The Future of the Object Verbatim

by August 18, 2004

The latest and greatest addition to my last two posts about the future of the object: a complete transcript of Bruce Sterling's keynote to SIGGRAPH 2004: When Blobjects Rule the Earth.

In my grand vision, there's a history of the relationship of objects and human beings. It goes like this. Up to the present day, during previous history, we humans have had. and made, four different classes of possible objects. These classes of objects are called, in order of their historical appearance, Artifacts, Machines, Products, and Gizmos.

The lines between Artifacts, Machines, Products and Gizmos aren't mechanical. They're historical. The differences between them are found in the material cultures they make possible. The kind of society they produce, and the kind of human being that is necessary to make them and use them.

Artifacts are made and used by hunter-gatherers and subsistence farmers.

Machines are made and used by customers. in an industrial society.

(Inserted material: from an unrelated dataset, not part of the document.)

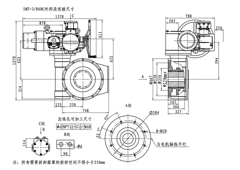 IMT/HBC系列智能型電動裝置是IMT系列多回轉(zhuǎn)智能型電動裝置與HBC蝸輪減速器的組合型式,它適合球閥、蝶閥等部分回轉(zhuǎn)閥門的驅(qū)動控制。 IMT/HBC智能型電動裝置具有以下特點:結(jié)構(gòu)設(shè)計堅固可靠,產(chǎn)品規(guī)格齊全,驅(qū)動轉(zhuǎn)矩范圍大且動力輸出穩(wěn)定, 具有良好的自鎖性能。 HBC輸出軸結(jié)構(gòu)獨特,裝有與閥桿連接的漸開線花鍵接頭,產(chǎn)品的安裝調(diào)試方便。

Products are made and used by consumers, in a military-industrial complex.

While Gizmos are made and used by end-users, in whatever today is -a "New World Disorder," a "Terrorism-Entertainment Complex," our own brief interregnum."

"Now, I could redesign this Gizmo to make it into a simple Product.

But then this Gizmo would become a commodity. There would be little profit in that; in an end-user society like ours, Products come in bubblepak or shrinkwrap in big heaps, like pencils. There is no money in them.

So there are good reasons why a Gizmo is almost impossible to use.

It's because a Gizmo is delicately poised between commodity and chaos.

It is trying to cram as much impossible complexity as it can, into an almost usable state. It is leaning forward into the future.